──────── DATA FOR REVIEW
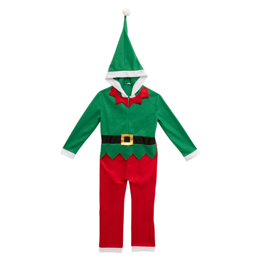 Kostum Santa per femije, ngjyre e kuqe me jeshile, masa universale
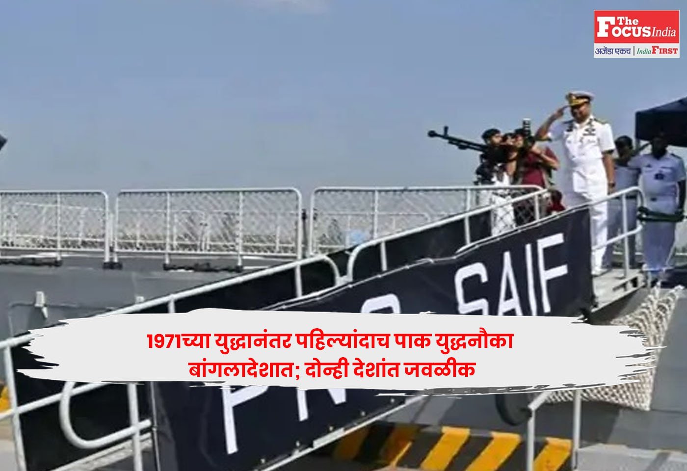 1971च्या युद्धानंतर पहिल्यांदाच शनिवारी पाकिस्तानी युद्धनौका बांगलादेशात दाखल झाली. नौदलाची पीएनएस सैफ बंगालच्या उपसागरातून प्रवास करून दोन्ही देशांमधील संरक्षण संबंध मजबूत करण्याच्या उद्देशाने चार दिवसांच्या सदिच्छा भेटीसाठी बांगलादेशी बंदरात पोहोचली.
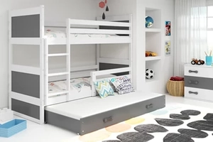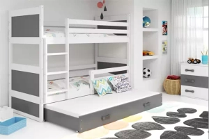 LIT ADOLESCENT SUPERPOSÉ 3 PLACES RICO LE CADRE EN BLANC LES PANNEAUX GRIS LE TIROIR EN GRIS 90 X 190
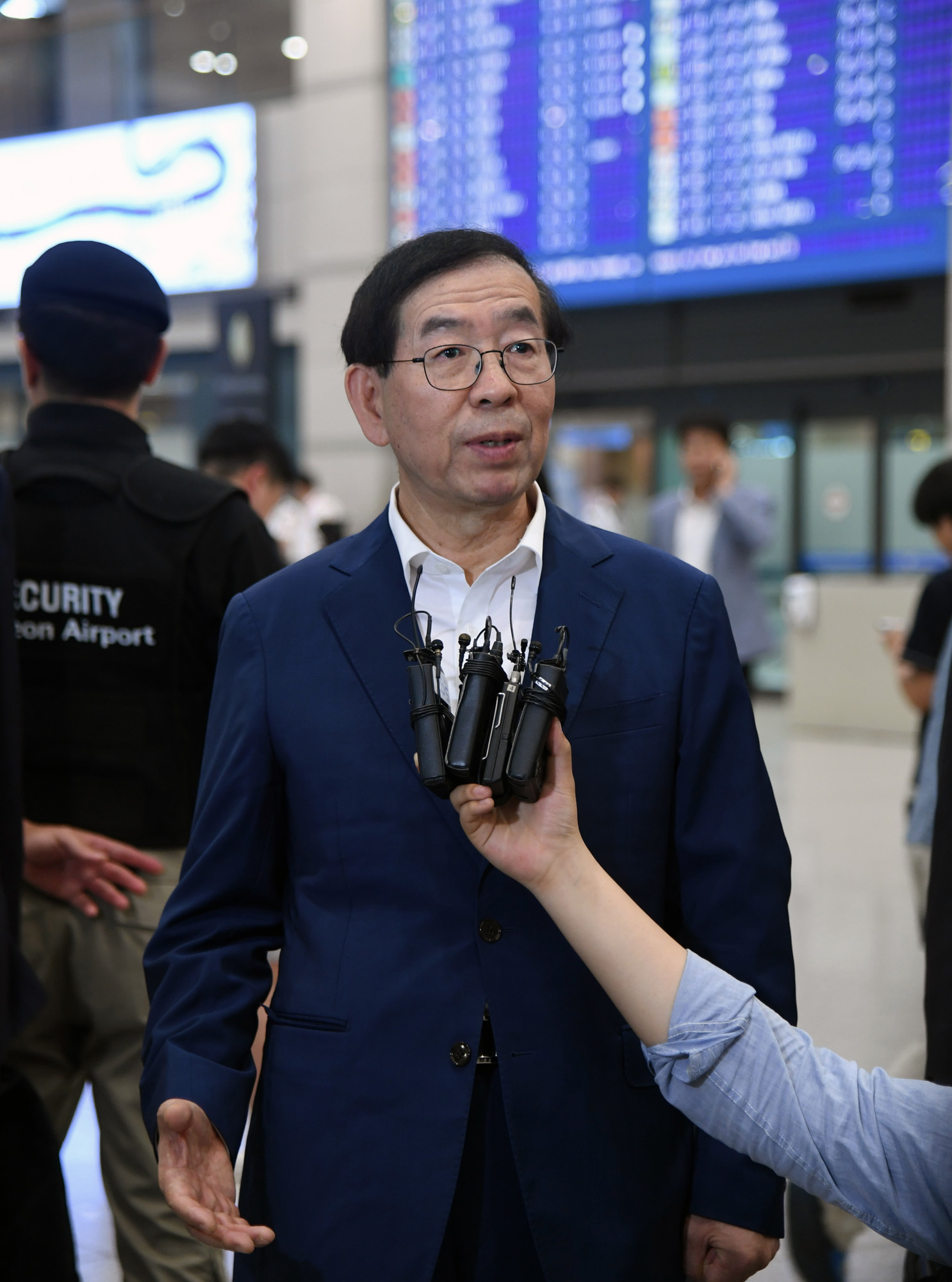 문재인 대통령의 아세안 특사인 박원순 서울시장이 26일 오후 순방 일정을 모두 마치고 인천공항을 통해 귀국하며 취재진의 질문에 답하고 있다. 서울시 제공
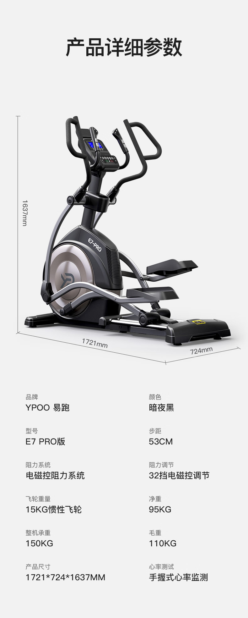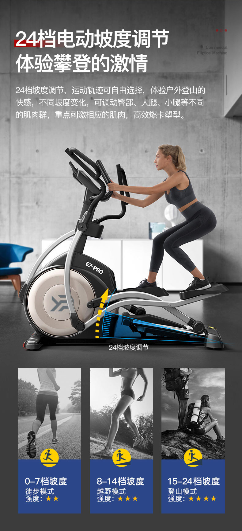 E7-PRO/53CM большой шаг/15KG инерционный маховик/32-ступеная электромагнитная группа управления; E7-PRO ручной уклон/53CM большой шаг/15KG инерционный маховик; E7-PRO электрический уклон/24-й электрический уклон/53CM большой шаг/15KG инерционный маховик
────────────────
- [GOAL OF THE EXERCISE] From the line with "1971च्या युद्धानंतर पहिल्यांदाच" up to and including the line with "LIT ADOLESCENT SUPERPOSÉ" above, retype every line exactly and nothing more; leave out the pictures.

- [OUTPUT]
 1971च्या युद्धानंतर पहिल्यांदाच शनिवारी पाकिस्तानी युद्धनौका बांगलादेशात दाखल झाली. नौदलाची पीएनएस सैफ बंगालच्या उपसागरातून प्रवास करून दोन्ही देशांमधील संरक्षण संबंध मजबूत करण्याच्या उद्देशाने चार दिवसांच्या सदिच्छा भेटीसाठी बांगलादेशी बंदरात पोहोचली.
 LIT ADOLESCENT SUPERPOSÉ 3 PLACES RICO LE CADRE EN BLANC LES PANNEAUX GRIS LE TIROIR EN GRIS 90 X 190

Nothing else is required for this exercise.